By that time, the Jita buy order was back up, and I figured if I was ever going to sell this thing, Jita would be my best shot. So I took it back to Jita, and failed the buy order again. Over the next month or two, every time I was in Jita, I would fail that buy order, smugly satisfied by all the broker fees I was costing that bad man (I don't know who it was). This experience was a valuable lesson for me, because it taught me that buy orders could be fake. That's an important thing to know given the current state of market mechanics.


Two Points:

1.) You learned that buy orders could fail. This is what CCP needs to drive home... no change to mechanics are needed, they only need to inform players that buy orders are not guaranteed (i.e. they can fail).

2.) You could have posted the item for sale instead of constantly selling to the buy order. If they place buy orders for 100m isk, you could simply put up a sell order for 50m isk. They then have to buy up your item to continue performing the scam, or they need to place a "minimum quantity" on their order (which will probably result in some other player buying your item to sell to that order).



Reilly Duvolle
Hydra Squadron
#298 - 2013-11-26 00:54:13 UTC
Delete the margin trading skill. Problem solved.
Alvatore DiMarco
Capricious Endeavours Ltd
#299 - 2013-11-26 01:21:05 UTC
Reilly Duvolle wrote:
Delete the margin trading skill. Problem solved.


Ban players who are incapable of or unwilling to exercise a little due diligence when attempting to use the market. Problem solved.
Nimrodion
Xanthium Prime
#300 - 2013-11-26 05:58:25 UTC
In my opinion, the best way to deal with this issue is to simply hide the buy orders that can't be fulfilled with the current amount of ISK the buyer has in their wallet. The legitimate users of the Margin Trading technique would benefit from this change as they wouldn't have to re-post buy orders that have failed due to temporary lack of funds in their wallet, and would be able to resume their orders as soon as they get the necessary funds.

However, this change would render all margin trading scams impossible, as fail-able buy orders would no longer be visible on the market. As I believe EVE should remain a cold and dark place, an additional mechanic should be implemented to give scammers a way to continue practicing their craft, while also keeping the benefits for the legitimate traders.

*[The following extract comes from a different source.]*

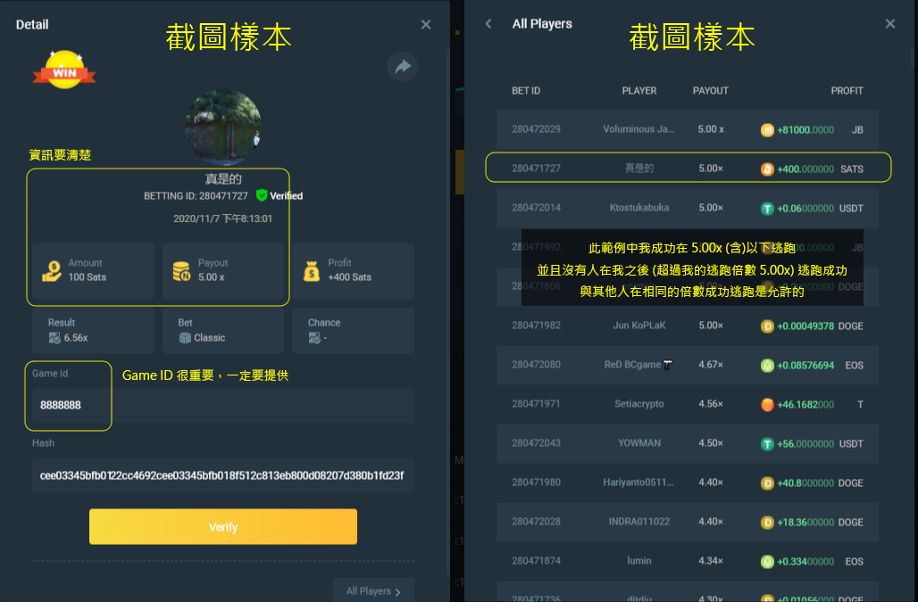 參與挑戰並達成目標者、需在下方回覆此討論串、粘貼螢幕截圖、並提供該局 Game-ID 才算是完成整個任務

When placing a buy order, buyers should have an option to choose what happens to their to their buy order once their wallet drops bellow what is needed to complete the order. One would be to hide the order while the wallet remains bellow the funds needed, while preserving the order expiry timer, and is something legitimate traders would use. The other option would be to keep the order visible even after the wallet balance drops, but incur some sort of penalty if someone tries to fulfill the order and fails. This penalty could be forfeiture of escrow, an escalating cost of escrow for all future buy orders which would escalate with every failed buy order, higher broker fees or something similar. The important thing is that on the surface, in the eyes of the seller, all the buy orders would look the same.

One thing that could be shown to sellers who have triggered a failed buy order is the name of the character that has set it up, as well as giving players an option to set "Ignore Market Orders" on whoever they want.